2.3 Decls&Defs: Variables
-
These are definitions of variables:
int x; string s = "abc"; MyFavoriteDataType mfdt (0);
-
These are declarations:
extern int x; extern string s; extern MyFavoriteDataType mfdt;
2.4 Decls&Defs: Functions
-
Declaration:
int myFunction (int x, int y);
-
Definition
int myFunction (int x, int y) { return x + y; }
-
The declaration provides only the header. The definition adds the body.
2.5 Decls&Defs: Data Types
-
Data types in C++ are declared, but never defined.
-
These are declarations:
typedef float Weight; typedef string* StringPointer; enum Colors {red, blue, green}; struct Money { int dollars; int cents; };
3 Dividing code into modules
Most of the source code files that make up a program are divided into modules consisting of a header file and a closely related compilation unit.
How do we divide up the declarations and definitions that make up a program into modules?

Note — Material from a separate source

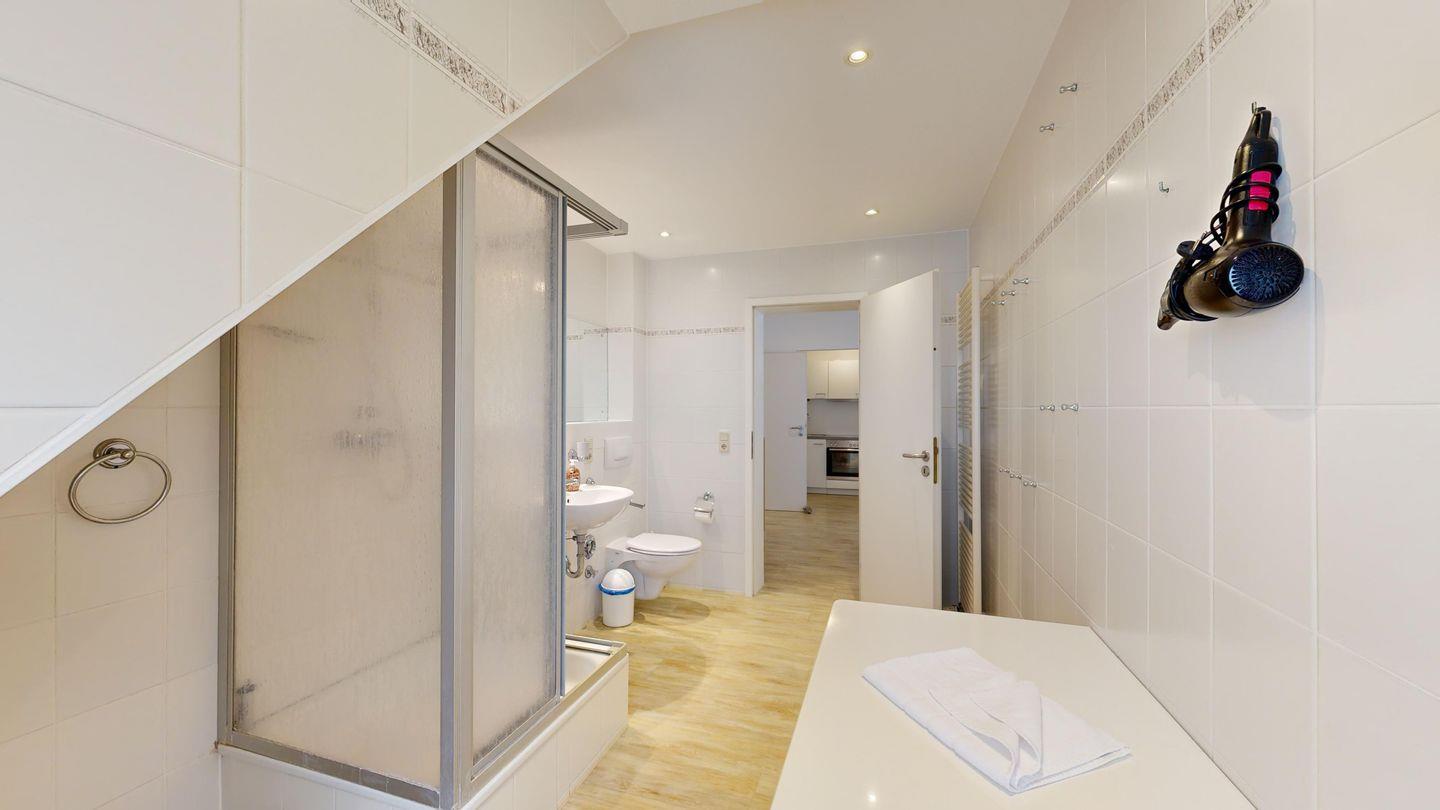 * 1 Badezimmer mit Dusche, WC und Föhn

I usually focus on the headers first, then the compilation units. But in practice this is an iterative process, in which I make an initial division of the headers, look at what that does to the compilation units, modify the headers, look at what that changes the compilation units, etc.
Dividing up the headers:
-
Headers can only contain declarations – no definitions.
-
Headers are for sharing – if a declaration is only used in one module, it doesn’t need to be in a header. It can be hidden inside the compilation unit, thus reducing some potential coupling.
-
Start by identifying declarations of types, variables & constants, and functions that relate to a common “theme”.

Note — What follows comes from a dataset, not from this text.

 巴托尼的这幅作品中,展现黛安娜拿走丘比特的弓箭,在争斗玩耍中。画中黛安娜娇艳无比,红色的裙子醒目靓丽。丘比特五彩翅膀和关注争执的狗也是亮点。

Often the theme is “here’s a structured data type and all of the functions that manipulate it”.
-
Create a module for each such “theme”. Begin by collecting the declarations related to that theme into a single header file.
-
Pair up compilation units with the header files
-
Usually these will have matching names. If we had decided to have a “time” module with a header named
time.h
, I would add a compilation unittime.cpp
. -
The compilation unit provide definitions for each declaration in the header that is it paired with.
-
-
Now look for things that can be improved, e.g.,
-
Are there declarations in a header that are only used from within its own compilation unit? Hide them within the compilation unit.
-
Does a compilation unit try to use a symbol from another module that isn’t in a header? Move the symbol declaration into the header?
-
Do you have circular dependencies where header file 1
#include
s header file 2 that#include
s header file 1? Try to simplify by moving things around of maybe dividing one of those modules into two pieces, only one of which is needed by the other.
-
Dividing a program into modules is something of an art, and takes practice. Experience in reading other people’s code and seeing how they divided things up is useful.
In CS250, you will be introduced to the idea of an “abstract data type”, which is a powerful organizing principle for achieving well-designed modules.